L’absence de “droit de correction parental” : la protection de l’enfance

L’absence de “droit de correction parental” : la protection de l’enfance

Dans un arrêt rendu le 14 janvier 2026, la chambre criminelle de la Cour de cassation a écarté l’existence d’un « droit de correction parental » (Crim., 14 janv. 2026, FS-B, n° 24-83.360).

La Cour d’appel de Metz avait, dans un arrêt du 18 avril 2024, admis l’existence d’un droit de correction au bénéfice des parents.

La cour d’appel fondait son raisonnement sur plusieurs éléments : l’absence de lésions constatées, l’absence de troubles psycho-développementaux en lien avec les faits, le caractère réactionnel des corrections face au comportement de l’enfant, ainsi que l’absence de caractère humiliant.

En l’espèce, la cour avait estimé qu’aucune sanction pénale ne pouvait être prononcée, faute de caractérisation d’un dommage ou d’une disproportion dans la violence exercée.

Ce prétendu droit de correction parental trouve son origine dans une jurisprudence ancienne, remontant à un arrêt du 17 décembre 1819 (Crim., 17 décembre 1819).

Dans ses observations devant la Cour de cassation, la Défenseur des droits a rappelé qu’aucune reconnaissance légale d’un tel droit n’existe, condamnant ainsi toute violence exercée par un parent sur son enfant.

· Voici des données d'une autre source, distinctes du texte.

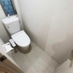 まだまだ都内では、ワンルームマンションや1Kマンションで、3点ユニットバスを採用している賃貸物件も多いですが、キッチンが狭くてもトイレ・お風呂別が人気になっています。202号室は、元々あったキッチン奥の3点ユニットバスを洗濯機置場・シャワールーム・トイレに独立させ、トイレを奥に配置しました。水廻りを一列に配置しすっきりとした生活導線が出来ました。採用した商品は、LIXILアメージュリトイレタンク手洗い付きです。地球環境に配慮した、強力洗浄の超節水かつスーパー節電仕様です。アクアセラミックの衛生陶器フチなし形状で頑固な水垢や汚物も落とせるお掃除がラクになるおすすめ商品です。お尻ターボ洗浄・Wパワー脱臭とターボ脱臭で、トイレ空間が心地よく落着ける場所になりました。 トイレはホッとできる場所を願う若者に向け、自信を持ってお勧めできる物件になりました。

L’existence d’une telle jurisprudence apparaît contraire au principe de légalité en droit pénal, ainsi qu’aux fondements mêmes du droit pénal, qui prohibe toute forme de violence, qu’elle soit physique ou psychologique, à l’encontre d’un enfant.

En outre, le droit international garantit cette protection, notamment à travers la Convention internationale des droits de l’enfant, entrée en vigueur en France en 1991. Son article 3 consacre la primauté de l’intérêt supérieur de l’enfant ; l’article 19 impose aux États l’obligation de protéger l’enfant contre toute forme de violence physique ou mentale ; enfin, l’article 37 prohibe les traitements cruels, inhumains ou dégradants.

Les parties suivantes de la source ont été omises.